Do Billionaires Have Visions Of Doing Family Peter Griffin’s “Can’t Touch This” from Family Guy?

Steve Dibert, MFI-Miami

On Saturday, I posted a piece about how a group of Michigan billionaires who made their fortunes from being recipients of corporate welfare want to buy an island park on the Detroit River from the City of Detroit and turn it into a Ayn Rand inspired tax haven for tax cheats and money launderers.

As investigative journalists across Detroit like Jeff Wattrick from Deadline Detroit and Steve Neavling from Motor City Muckraker began writing about it, I realized that Rodney Lockwood didn’t get the idea from memorizing pages from Atlas Shrugged or The Fountainhead.  He may have instead lifted the idea from an episode of the TV show, Family Guy.  Yes, Family Guy, the low brow hit by Seth MacFarland, that rich people won’t admit to watching in public.

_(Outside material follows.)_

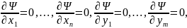 что и в случае, когда все х1, ..., хп , y1, ..., yт независимы. Надо в (17) подставить вместо dy1, ..., dyт их значения из системы (8). Потом изучить знакоопределенность d 2 Ψ в данной М0. |

In the episode,E Peterus Unum, that originally aired on July 12, 2000, the show’s central figure Peter Griffin decides he wants he wants to build a swimming pool in his backyard. As he begins to dig the hole for the swimming pool, he  finds out he’s being audited by the IRS.  After skirting his way around an IRS audit, Peter pursues his goal of building a swimming pool but hits another setback when he learns he needs to apply for a zoning variance.  While at the Mayor’s office, he discovers his property is not part of the City of Quahog, Rhode Island or as Quahog’s mayor, Adam West puts it, “Not even part of these United States”

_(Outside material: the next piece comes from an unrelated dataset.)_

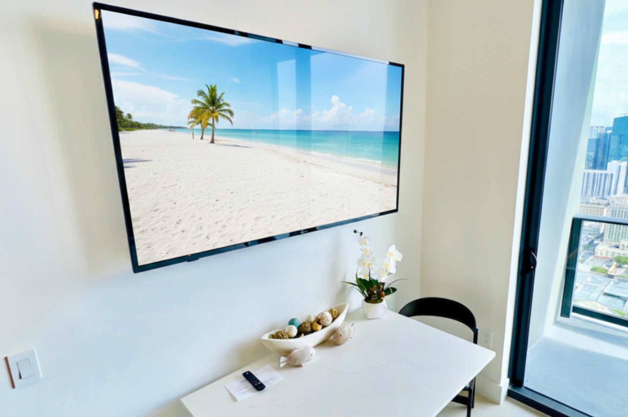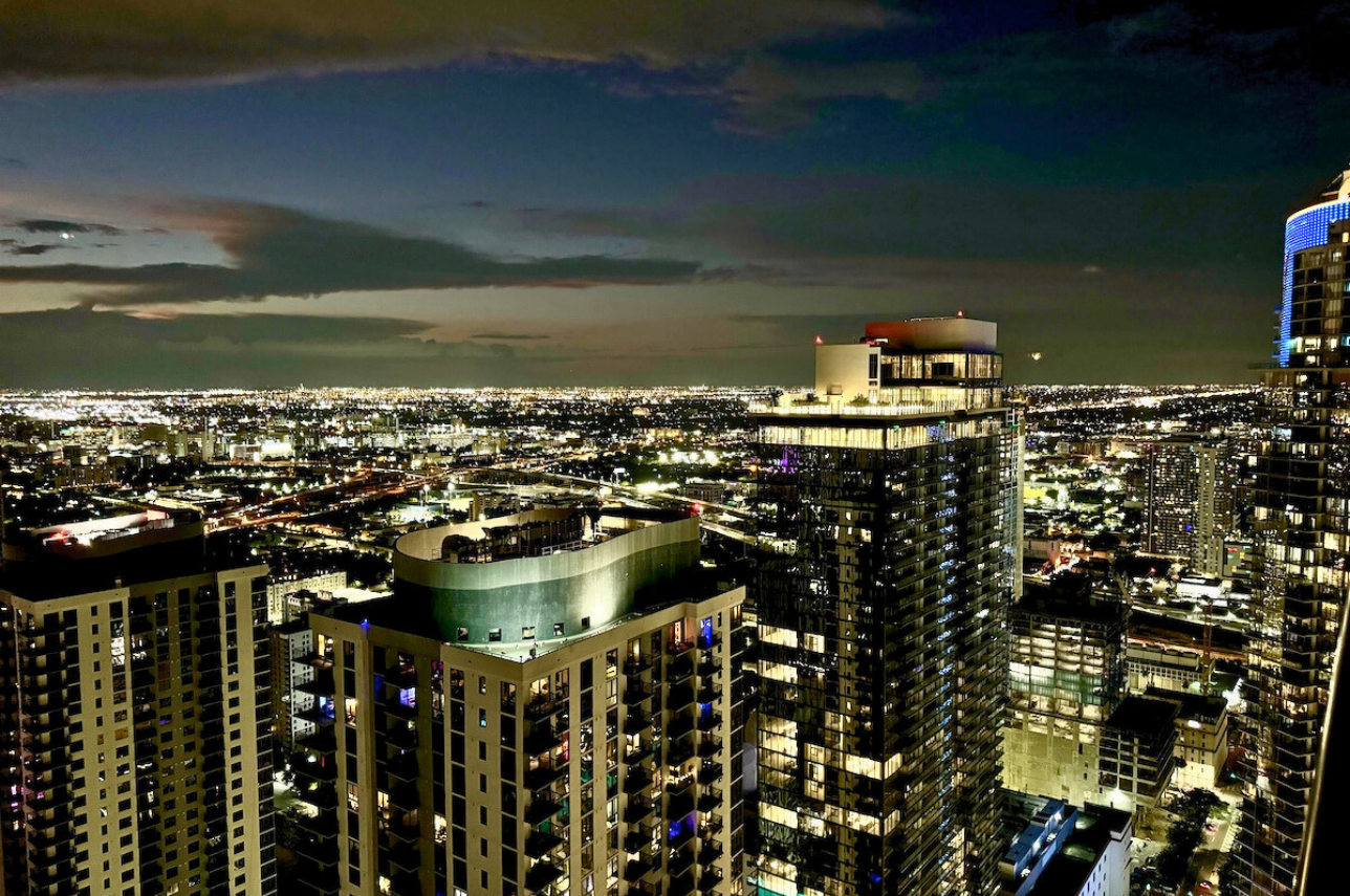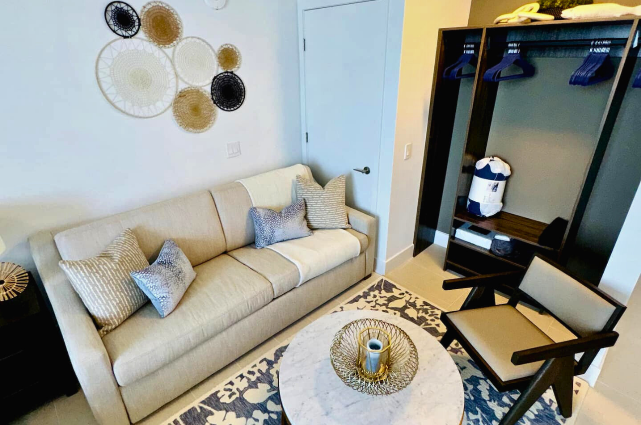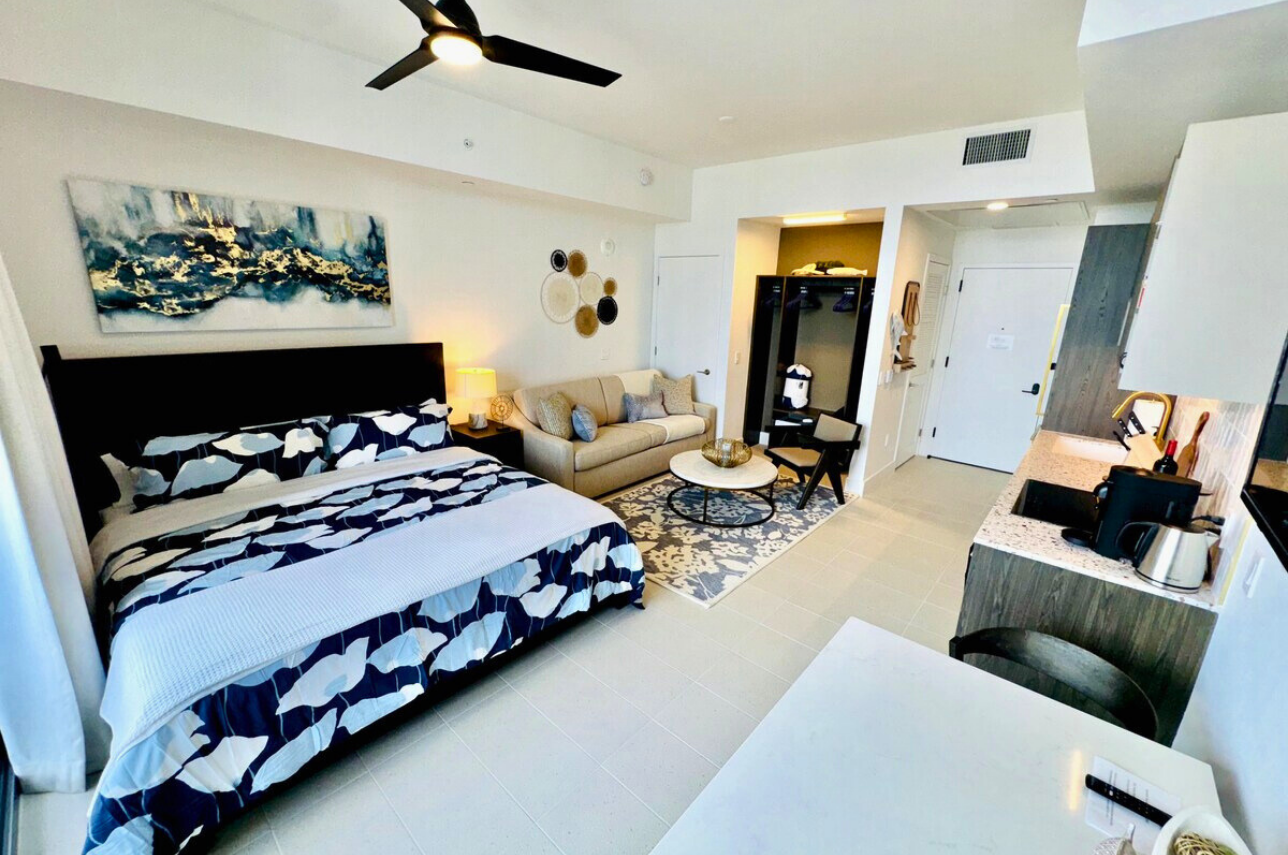 Wake up above the skyline in this high-floor penthouse studio. Enjoy sweeping city and Brickell views from your private balcony, while inside, experience a plush king bed, a 45″ Smart TV, fast Wi-Fi, and a fully equipped luxury kitchen with SMEG appliances. Designed with dark wood, gold accents, and soft neutrals, this studio is perfect for a stylish Miami stay for up to 2 guests.

Peter then declares his house to be the new independent nation of “Petoria” to avoid paying taxes or getting a zoning variance.  He soon declares Petoria an oligarchy.

This sounds eerily similar to what the supporters of the “Belle Isle Commonwealth” are pushing but the only question is will Belle Islanders like Rodney Lockwood and other leaders of this oversized country club demand and flaunt diplomatic immunity when they come into Detroit like Peter Griffin?